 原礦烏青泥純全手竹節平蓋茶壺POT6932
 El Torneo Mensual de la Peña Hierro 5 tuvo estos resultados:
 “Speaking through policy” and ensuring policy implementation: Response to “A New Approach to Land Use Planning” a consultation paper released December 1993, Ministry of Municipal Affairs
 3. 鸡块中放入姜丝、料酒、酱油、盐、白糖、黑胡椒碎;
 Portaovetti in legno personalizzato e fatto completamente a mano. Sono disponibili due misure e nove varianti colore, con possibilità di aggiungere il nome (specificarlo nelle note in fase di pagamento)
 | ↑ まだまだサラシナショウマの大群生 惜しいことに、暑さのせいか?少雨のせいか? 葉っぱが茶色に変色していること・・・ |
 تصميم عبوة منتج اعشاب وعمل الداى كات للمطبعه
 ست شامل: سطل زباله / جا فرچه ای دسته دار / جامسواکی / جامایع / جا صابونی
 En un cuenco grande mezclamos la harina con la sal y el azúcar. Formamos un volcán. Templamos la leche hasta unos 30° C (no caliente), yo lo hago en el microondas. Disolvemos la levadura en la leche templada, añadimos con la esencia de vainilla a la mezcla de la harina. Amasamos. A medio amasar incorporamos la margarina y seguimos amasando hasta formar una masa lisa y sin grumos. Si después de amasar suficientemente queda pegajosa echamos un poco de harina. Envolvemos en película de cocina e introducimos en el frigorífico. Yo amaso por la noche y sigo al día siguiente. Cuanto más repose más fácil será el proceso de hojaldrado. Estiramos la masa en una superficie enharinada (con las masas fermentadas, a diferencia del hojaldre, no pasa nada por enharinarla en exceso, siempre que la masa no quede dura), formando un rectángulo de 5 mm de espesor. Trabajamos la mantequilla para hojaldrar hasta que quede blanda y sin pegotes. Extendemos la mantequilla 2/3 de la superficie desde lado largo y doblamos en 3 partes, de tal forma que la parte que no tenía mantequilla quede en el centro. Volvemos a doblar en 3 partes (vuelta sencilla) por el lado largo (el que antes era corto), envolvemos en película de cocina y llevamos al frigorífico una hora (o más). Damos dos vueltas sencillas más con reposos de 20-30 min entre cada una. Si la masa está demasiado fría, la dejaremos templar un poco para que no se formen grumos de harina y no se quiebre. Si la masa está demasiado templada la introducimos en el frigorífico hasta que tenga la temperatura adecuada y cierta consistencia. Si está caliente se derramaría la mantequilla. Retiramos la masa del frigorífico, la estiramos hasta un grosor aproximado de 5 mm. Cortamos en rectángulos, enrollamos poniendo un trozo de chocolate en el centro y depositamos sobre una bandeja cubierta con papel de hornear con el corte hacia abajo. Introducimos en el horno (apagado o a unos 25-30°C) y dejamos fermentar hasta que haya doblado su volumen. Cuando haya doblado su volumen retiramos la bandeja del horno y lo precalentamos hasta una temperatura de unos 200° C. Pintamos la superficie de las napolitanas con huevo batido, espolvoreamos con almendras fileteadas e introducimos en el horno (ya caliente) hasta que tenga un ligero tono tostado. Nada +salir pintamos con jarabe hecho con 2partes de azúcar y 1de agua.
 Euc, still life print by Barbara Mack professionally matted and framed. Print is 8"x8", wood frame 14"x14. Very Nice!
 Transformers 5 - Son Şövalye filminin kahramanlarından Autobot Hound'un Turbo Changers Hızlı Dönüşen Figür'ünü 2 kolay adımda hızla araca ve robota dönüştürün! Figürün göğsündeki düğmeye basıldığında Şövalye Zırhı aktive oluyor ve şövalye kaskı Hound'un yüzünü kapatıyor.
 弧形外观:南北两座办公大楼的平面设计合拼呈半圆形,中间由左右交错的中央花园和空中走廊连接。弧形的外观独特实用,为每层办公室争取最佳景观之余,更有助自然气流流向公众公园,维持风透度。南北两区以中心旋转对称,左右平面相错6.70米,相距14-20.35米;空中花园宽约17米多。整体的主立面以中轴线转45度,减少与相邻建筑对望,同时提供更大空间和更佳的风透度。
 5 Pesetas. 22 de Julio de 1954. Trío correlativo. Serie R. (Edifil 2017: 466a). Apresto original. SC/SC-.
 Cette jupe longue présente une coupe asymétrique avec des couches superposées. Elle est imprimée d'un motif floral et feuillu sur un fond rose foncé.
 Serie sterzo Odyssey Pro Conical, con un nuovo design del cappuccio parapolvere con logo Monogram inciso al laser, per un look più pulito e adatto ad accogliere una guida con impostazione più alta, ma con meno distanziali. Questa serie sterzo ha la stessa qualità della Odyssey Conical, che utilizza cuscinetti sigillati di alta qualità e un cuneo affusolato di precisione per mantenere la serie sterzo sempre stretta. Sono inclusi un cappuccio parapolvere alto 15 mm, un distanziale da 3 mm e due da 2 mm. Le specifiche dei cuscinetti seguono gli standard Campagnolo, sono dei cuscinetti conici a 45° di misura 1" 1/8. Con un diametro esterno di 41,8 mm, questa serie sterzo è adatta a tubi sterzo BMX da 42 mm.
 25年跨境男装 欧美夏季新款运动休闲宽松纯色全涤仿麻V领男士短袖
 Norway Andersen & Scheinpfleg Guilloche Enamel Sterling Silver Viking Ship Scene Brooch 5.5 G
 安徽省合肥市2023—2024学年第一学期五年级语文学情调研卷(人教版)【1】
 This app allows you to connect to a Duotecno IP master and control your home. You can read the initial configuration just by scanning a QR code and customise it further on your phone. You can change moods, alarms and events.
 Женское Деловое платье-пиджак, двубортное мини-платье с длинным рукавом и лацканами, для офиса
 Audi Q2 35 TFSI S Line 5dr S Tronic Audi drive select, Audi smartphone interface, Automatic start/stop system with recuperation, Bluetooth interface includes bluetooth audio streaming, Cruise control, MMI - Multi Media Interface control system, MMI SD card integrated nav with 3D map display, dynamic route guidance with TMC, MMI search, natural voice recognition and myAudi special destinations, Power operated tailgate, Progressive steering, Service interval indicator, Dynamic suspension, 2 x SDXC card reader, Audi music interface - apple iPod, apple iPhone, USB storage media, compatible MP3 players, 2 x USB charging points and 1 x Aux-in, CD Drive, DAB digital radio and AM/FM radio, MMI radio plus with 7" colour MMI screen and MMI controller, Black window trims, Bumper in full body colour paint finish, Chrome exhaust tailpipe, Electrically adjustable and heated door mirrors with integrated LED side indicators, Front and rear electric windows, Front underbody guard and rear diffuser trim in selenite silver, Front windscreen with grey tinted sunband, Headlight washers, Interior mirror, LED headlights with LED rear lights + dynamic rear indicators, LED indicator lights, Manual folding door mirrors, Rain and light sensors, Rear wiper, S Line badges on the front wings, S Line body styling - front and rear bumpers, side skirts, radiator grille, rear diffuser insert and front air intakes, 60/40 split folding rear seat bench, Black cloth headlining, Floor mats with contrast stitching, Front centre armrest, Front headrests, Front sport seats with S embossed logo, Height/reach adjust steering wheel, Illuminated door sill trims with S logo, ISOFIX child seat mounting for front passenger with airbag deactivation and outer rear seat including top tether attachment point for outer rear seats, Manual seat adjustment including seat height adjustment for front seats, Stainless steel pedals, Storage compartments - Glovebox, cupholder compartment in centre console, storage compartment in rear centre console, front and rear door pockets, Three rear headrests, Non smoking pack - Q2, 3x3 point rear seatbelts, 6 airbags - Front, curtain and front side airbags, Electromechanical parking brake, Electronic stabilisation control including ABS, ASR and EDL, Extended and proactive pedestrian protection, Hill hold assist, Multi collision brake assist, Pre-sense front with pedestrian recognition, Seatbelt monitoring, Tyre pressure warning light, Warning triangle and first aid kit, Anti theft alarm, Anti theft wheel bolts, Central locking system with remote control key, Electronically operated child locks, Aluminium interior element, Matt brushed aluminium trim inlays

◆ Work request: For this exercise, retype the complete listing exactly.

◆ Task output:
 原礦烏青泥純全手竹節平蓋茶壺POT6932
 El Torneo Mensual de la Peña Hierro 5 tuvo estos resultados:
 “Speaking through policy” and ensuring policy implementation: Response to “A New Approach to Land Use Planning” a consultation paper released December 1993, Ministry of Municipal Affairs
 3. 鸡块中放入姜丝、料酒、酱油、盐、白糖、黑胡椒碎;
 Portaovetti in legno personalizzato e fatto completamente a mano. Sono disponibili due misure e nove varianti colore, con possibilità di aggiungere il nome (specificarlo nelle note in fase di pagamento)
 | ↑ まだまだサラシナショウマの大群生 惜しいことに、暑さのせいか?少雨のせいか? 葉っぱが茶色に変色していること・・・ |
 تصميم عبوة منتج اعشاب وعمل الداى كات للمطبعه
 ست شامل: سطل زباله / جا فرچه ای دسته دار / جامسواکی / جامایع / جا صابونی
 En un cuenco grande mezclamos la harina con la sal y el azúcar. Formamos un volcán. Templamos la leche hasta unos 30° C (no caliente), yo lo hago en el microondas. Disolvemos la levadura en la leche templada, añadimos con la esencia de vainilla a la mezcla de la harina. Amasamos. A medio amasar incorporamos la margarina y seguimos amasando hasta formar una masa lisa y sin grumos. Si después de amasar suficientemente queda pegajosa echamos un poco de harina. Envolvemos en película de cocina e introducimos en el frigorífico. Yo amaso por la noche y sigo al día siguiente. Cuanto más repose más fácil será el proceso de hojaldrado. Estiramos la masa en una superficie enharinada (con las masas fermentadas, a diferencia del hojaldre, no pasa nada por enharinarla en exceso, siempre que la masa no quede dura), formando un rectángulo de 5 mm de espesor. Trabajamos la mantequilla para hojaldrar hasta que quede blanda y sin pegotes. Extendemos la mantequilla 2/3 de la superficie desde lado largo y doblamos en 3 partes, de tal forma que la parte que no tenía mantequilla quede en el centro. Volvemos a doblar en 3 partes (vuelta sencilla) por el lado largo (el que antes era corto), envolvemos en película de cocina y llevamos al frigorífico una hora (o más). Damos dos vueltas sencillas más con reposos de 20-30 min entre cada una. Si la masa está demasiado fría, la dejaremos templar un poco para que no se formen grumos de harina y no se quiebre. Si la masa está demasiado templada la introducimos en el frigorífico hasta que tenga la temperatura adecuada y cierta consistencia. Si está caliente se derramaría la mantequilla. Retiramos la masa del frigorífico, la estiramos hasta un grosor aproximado de 5 mm. Cortamos en rectángulos, enrollamos poniendo un trozo de chocolate en el centro y depositamos sobre una bandeja cubierta con papel de hornear con el corte hacia abajo. Introducimos en el horno (apagado o a unos 25-30°C) y dejamos fermentar hasta que haya doblado su volumen. Cuando haya doblado su volumen retiramos la bandeja del horno y lo precalentamos hasta una temperatura de unos 200° C. Pintamos la superficie de las napolitanas con huevo batido, espolvoreamos con almendras fileteadas e introducimos en el horno (ya caliente) hasta que tenga un ligero tono tostado. Nada +salir pintamos con jarabe hecho con 2partes de azúcar y 1de agua.
 Euc, still life print by Barbara Mack professionally matted and framed. Print is 8"x8", wood frame 14"x14. Very Nice!
 Transformers 5 - Son Şövalye filminin kahramanlarından Autobot Hound'un Turbo Changers Hızlı Dönüşen Figür'ünü 2 kolay adımda hızla araca ve robota dönüştürün! Figürün göğsündeki düğmeye basıldığında Şövalye Zırhı aktive oluyor ve şövalye kaskı Hound'un yüzünü kapatıyor.
 弧形外观:南北两座办公大楼的平面设计合拼呈半圆形,中间由左右交错的中央花园和空中走廊连接。弧形的外观独特实用,为每层办公室争取最佳景观之余,更有助自然气流流向公众公园,维持风透度。南北两区以中心旋转对称,左右平面相错6.70米,相距14-20.35米;空中花园宽约17米多。整体的主立面以中轴线转45度,减少与相邻建筑对望,同时提供更大空间和更佳的风透度。
 5 Pesetas. 22 de Julio de 1954. Trío correlativo. Serie R. (Edifil 2017: 466a). Apresto original. SC/SC-.
 Cette jupe longue présente une coupe asymétrique avec des couches superposées. Elle est imprimée d'un motif floral et feuillu sur un fond rose foncé.
 Serie sterzo Odyssey Pro Conical, con un nuovo design del cappuccio parapolvere con logo Monogram inciso al laser, per un look più pulito e adatto ad accogliere una guida con impostazione più alta, ma con meno distanziali. Questa serie sterzo ha la stessa qualità della Odyssey Conical, che utilizza cuscinetti sigillati di alta qualità e un cuneo affusolato di precisione per mantenere la serie sterzo sempre stretta. Sono inclusi un cappuccio parapolvere alto 15 mm, un distanziale da 3 mm e due da 2 mm. Le specifiche dei cuscinetti seguono gli standard Campagnolo, sono dei cuscinetti conici a 45° di misura 1" 1/8. Con un diametro esterno di 41,8 mm, questa serie sterzo è adatta a tubi sterzo BMX da 42 mm.
 25年跨境男装 欧美夏季新款运动休闲宽松纯色全涤仿麻V领男士短袖
 Norway Andersen & Scheinpfleg Guilloche Enamel Sterling Silver Viking Ship Scene Brooch 5.5 G
 安徽省合肥市2023—2024学年第一学期五年级语文学情调研卷(人教版)【1】
 This app allows you to connect to a Duotecno IP master and control your home. You can read the initial configuration just by scanning a QR code and customise it further on your phone. You can change moods, alarms and events.
 Женское Деловое платье-пиджак, двубортное мини-платье с длинным рукавом и лацканами, для офиса
 Audi Q2 35 TFSI S Line 5dr S Tronic Audi drive select, Audi smartphone interface, Automatic start/stop system with recuperation, Bluetooth interface includes bluetooth audio streaming, Cruise control, MMI - Multi Media Interface control system, MMI SD card integrated nav with 3D map display, dynamic route guidance with TMC, MMI search, natural voice recognition and myAudi special destinations, Power operated tailgate, Progressive steering, Service interval indicator, Dynamic suspension, 2 x SDXC card reader, Audi music interface - apple iPod, apple iPhone, USB storage media, compatible MP3 players, 2 x USB charging points and 1 x Aux-in, CD Drive, DAB digital radio and AM/FM radio, MMI radio plus with 7" colour MMI screen and MMI controller, Black window trims, Bumper in full body colour paint finish, Chrome exhaust tailpipe, Electrically adjustable and heated door mirrors with integrated LED side indicators, Front and rear electric windows, Front underbody guard and rear diffuser trim in selenite silver, Front windscreen with grey tinted sunband, Headlight washers, Interior mirror, LED headlights with LED rear lights + dynamic rear indicators, LED indicator lights, Manual folding door mirrors, Rain and light sensors, Rear wiper, S Line badges on the front wings, S Line body styling - front and rear bumpers, side skirts, radiator grille, rear diffuser insert and front air intakes, 60/40 split folding rear seat bench, Black cloth headlining, Floor mats with contrast stitching, Front centre armrest, Front headrests, Front sport seats with S embossed logo, Height/reach adjust steering wheel, Illuminated door sill trims with S logo, ISOFIX child seat mounting for front passenger with airbag deactivation and outer rear seat including top tether attachment point for outer rear seats, Manual seat adjustment including seat height adjustment for front seats, Stainless steel pedals, Storage compartments - Glovebox, cupholder compartment in centre console, storage compartment in rear centre console, front and rear door pockets, Three rear headrests, Non smoking pack - Q2, 3x3 point rear seatbelts, 6 airbags - Front, curtain and front side airbags, Electromechanical parking brake, Electronic stabilisation control including ABS, ASR and EDL, Extended and proactive pedestrian protection, Hill hold assist, Multi collision brake assist, Pre-sense front with pedestrian recognition, Seatbelt monitoring, Tyre pressure warning light, Warning triangle and first aid kit, Anti theft alarm, Anti theft wheel bolts, Central locking system with remote control key, Electronically operated child locks, Aluminium interior element, Matt brushed aluminium trim inlays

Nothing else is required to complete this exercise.